From https://prow.k8s.io/view/gs/kubernetes-ci-logs/pr-logs/pull/etcd-io_etcd/20239/pull-etcd-robustness-arm64/1957745366933704704
{"level":"warn","ts":"2025-08-19T10:08:20.850392Z","caller":"etcdserver/server.go:854","msg":"server error","error":"the member has been permanently removed from the cluster"}
{"level":"warn","ts":"2025-08-19T10:08:20.850415Z","caller":"etcdserver/server.go:855","msg":"data-dir used by this member must be removed"}
Should I remove each process's data directory after scaling down during Inject?
From https://prow.k8s.io/view/gs/kubernetes-ci-logs/pr-logs/pull/etcd-io_etcd/20239/pull-etcd-robustness-amd64/1957745366849818624
/home/prow/go/src/github.com/etcd-io/etcd/bin/etcd (TestRobustnessExploratoryEtcdTrafficDeleteLeasesClusterOfSize3-test-2) (24040): {"level":"warn","ts":"2025-08-19T10:20:00.008061Z","caller":"etcdserver/server.go:1639","msg":"rejecting member remove request; local member has not been connected to all peers, reconfigure breaks active quorum","local-member-id":"bf19ae4419db00dc","requested-member-remove":"eabdbb777cf498cb","active-peers":1,"error":"etcdserver: unhealthy cluster"}
This looks like the condition I should add to Available. What do you think @serathius?
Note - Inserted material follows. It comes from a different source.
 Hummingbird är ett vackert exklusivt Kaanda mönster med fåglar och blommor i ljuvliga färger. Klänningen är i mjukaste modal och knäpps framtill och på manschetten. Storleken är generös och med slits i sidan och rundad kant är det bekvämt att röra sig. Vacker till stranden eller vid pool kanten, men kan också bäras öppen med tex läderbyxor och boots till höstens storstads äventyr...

Should I remove each process's data directory after scaling down during Inject?
No, please don't read random logs.
This looks like the condition I should add to Available. What do you think @serathius?
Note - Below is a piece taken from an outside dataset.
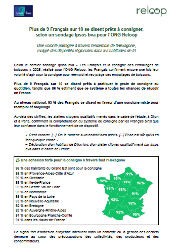 A new Ipsos BVA survey for Reloop, offers fresh insight into French attitudes towards a national deposit system.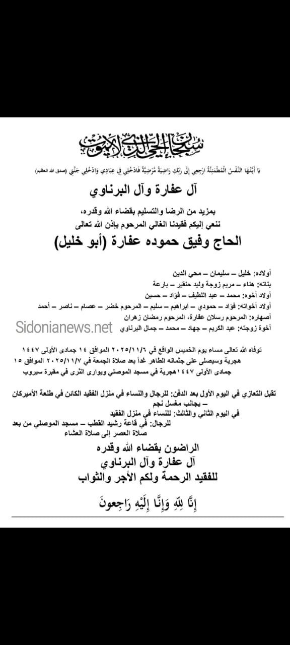وفاة الحاج وفيق حمودة عفارة -٧-١١-٢٠٢٥ -آل عفارة والبرناوي (وفيات صيدا لبان -جريدة صيدونيانيوز.نت)

No, this log is related to fact that membership are rejected if there is suspicion that cluster member are unstable. It requires at least 5 seconds of being connected to all members. This could be mitigated by adding 5 seconds sleep before membership changes.
Please read MemberReplace failpoint, seems there is a some overlap with your case.
This pull request has been automatically marked as stale because it has not had recent activity. It will be closed after 21 days if no further activity occurs. Thank you for your contributions.